そこで、HIV-1 ウイルス由来の蛋白導入ドメインを結合させた蛍光ナノ粒子(量子ドット)の細胞上での運動を詳細に顕微鏡観察し、その細胞内侵入機序を調べた。その結果、蛍光ナノ粒子上に HIV-1 ウイルス由来の長さ 11 アミノ酸の蛋白導入ドメインペプチド 8 個を固層化するとナノ粒子が生細胞の表面上で局所刺激を引き起こし、方向性を持って運動する能力を獲得することが明らかになった。さらに、このナノ粒子がエンドサイトーシス(細胞表面から膜が細い管状に細胞内に落ち込んで、その管の首の部分がくびれることによって細胞表面に吸着した分子を細胞内に取り込む現象)を誘導し、細胞表面から細胞内に侵入していく能力を獲得したことが明らかになった。

このことから、多数の蛋白導入ドメインペプチドを固層化すると、個々のナノ粒子が局所刺激を引き起こして細胞上でロボットのように働き、細胞表面から細胞内に侵入する性質を獲得することが分かった。ナノ粒子の挙動の観察には、共焦点顕微鏡、全内部反射蛍光顕微鏡および四次元顕微鏡を用いた。

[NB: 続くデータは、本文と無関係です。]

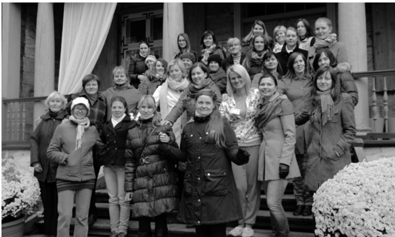
Nometnes dalībnieki.

Ja Tev būtu iespēja lūgt Jēzum iemācīt Tev vienu lietu, ko Tu lūgtu? Mācekļiem, esot kopā ik dienas ar Jēzu, bija iespēja pajautāt jebko, tomēr viņi lūdza tikai vienu lietu – “Kungs, māci mums Dievu lūgt.” (Lūkas ev. 11:1) Šim lūgumam pievienojoties, 17.-19. oktobrī svētdienskolotāji pulcējās Rāmavas muižā uz Rudens mācību-atpūtas nometni “Māci mūs.” Par piedzīvoto tur stāsta izvilkumi no nometnes dalībnieku rakstītās nometnes dienasgrāmatas.

蛋白導入ドメイン固層化ナノ粒子の運動 (出所:東北大学)

 

濃度依存性(受動的)とロボット型(能動的)の違い (出所:東北大学)

 
従来型のドラッグデリバリーシステムでは、細胞内への取り込みは受動的であり血中内濃度に依存するため、濃度を一定以上に上昇させることが細胞内への取り込みに必要だった。このため、濃度の上昇に伴って様々な副作用が起きていた。今回発見された仕組みでは、個々の粒子がナノロボットとしての性質を獲得し、細胞内へ能動的に侵入するため、導入効率が良い。血中内濃度を上昇させなくても細胞内へ取り込まれ、細胞導入効率の飛躍的改善と副作用の軽減が期待できる。今後、様々な性質のナノ粒子、ナノカプセル、高分子化合物、高分子薬物などの細胞内導入法として同手法が利用され、癌の治療・診断や再生医療への応用が進むとみられる。